Их осталось четверо из сотни, и, встречаясь, они удивлялись, что их столько уцелело! “Нет, есть, есть бог”, — говорили они.
Ю. Домбровский
Мемуарной литературы о гитлеровских концлагерях на русском языке издано совсем немного. С ходу вспоминается лишь “Лес богов” Балиса Сруоги — книга, написанная литовцем, и в Литве же изданная, да сходные по тематике “Нагрудный знак “Ост”” В. Семина и “Это мы, Господи!” К. Воробьева. Годы перестройки и последующей свободы печати в этом плане не добавили ничего заметного — то ли интерес читающей публики был обращен в основном на зверства в отечественной истории, то ли немного уцелело тех, кто оказался способен перенести память о пережитом на бумагу.

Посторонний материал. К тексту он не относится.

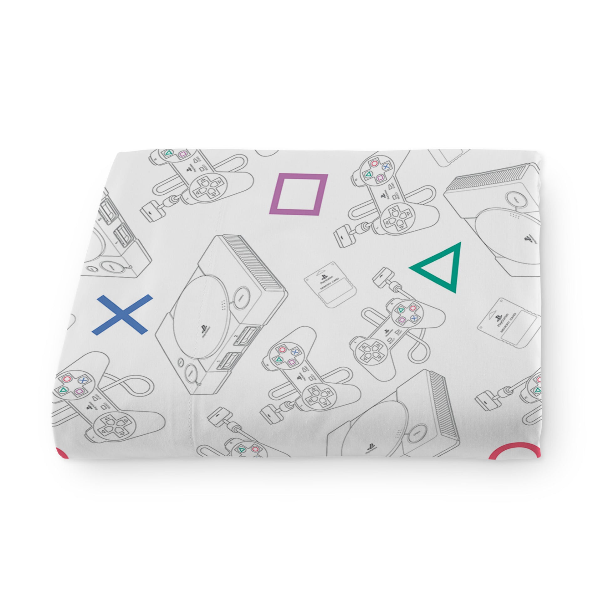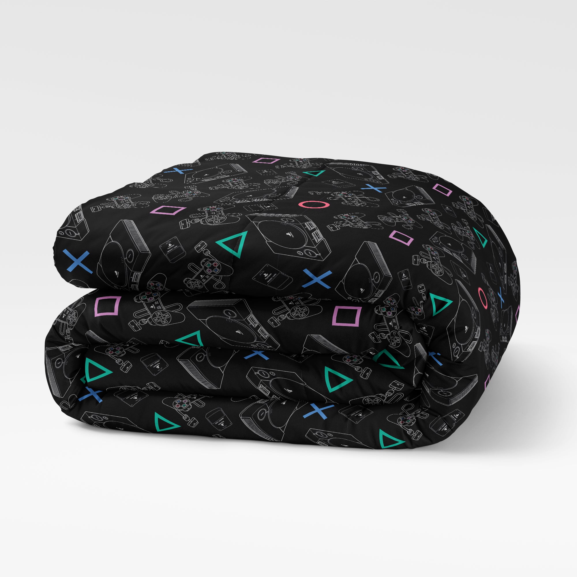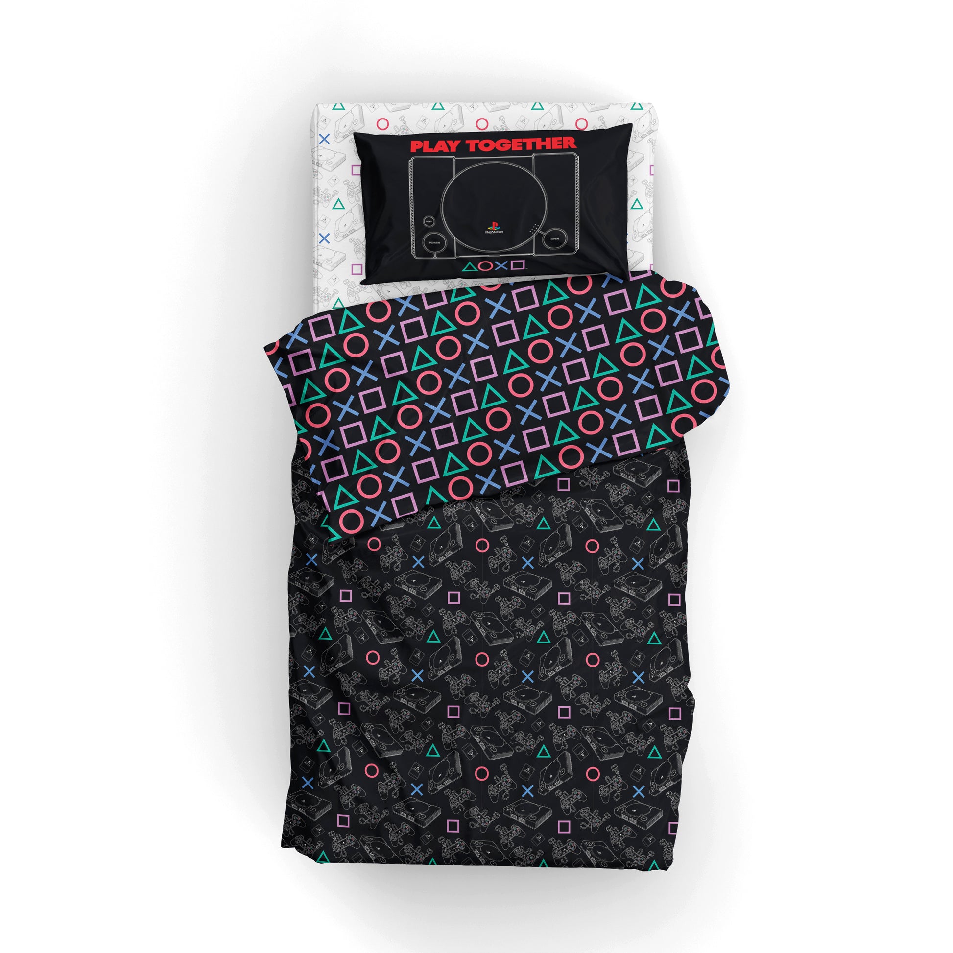 Game night never ends! PlayStation "Play Together" Bed In Bag 4-Piece Twin Set features a bold comforter with allover retro PlayStation console and controller graphics on the front and a vibrant controller-symbol pattern on the reverse. Coordinating printed sheets complete the gamer-inspired look. 4-piece Twin set includes 1 reversible comforter, 1 fitted sheet, 1 flat sheet, and 1 standard pillowcase, crafted from soft microfiber with plush fill for everyday comfort and standout style. Officially Licensed PlayStation design delivers authentic branding and nostalgic console artwork fans instantly recognize. Lightweight, breathable fabric offers smooth comfort for year-round use, while the reversible comforter gives you two dynamic looks in one. Perfect as a gift for gamers of all ages, this twin bedding set makes bedroom updates effortless with bold, multiplayer-inspired energy.

Одним из таких немногих оказался польский священник Генрих Маляк. Его перу принадлежит книга “Клехи в лагерях смерти” (“клехи” — оскорбительное прозвище католических священников), как рассказывает сам автор, написанная по горячим следам, “в бывших эсэсовских казармах, на обрывках бумаги, вытащенных из мусорных баков”, и изданная там же, в Германии, в 1948 году. Сугубо документальный характер книги способствовал тому, что она получила “признание в немецком судопроизводстве в качестве документа по делам компенсаций”.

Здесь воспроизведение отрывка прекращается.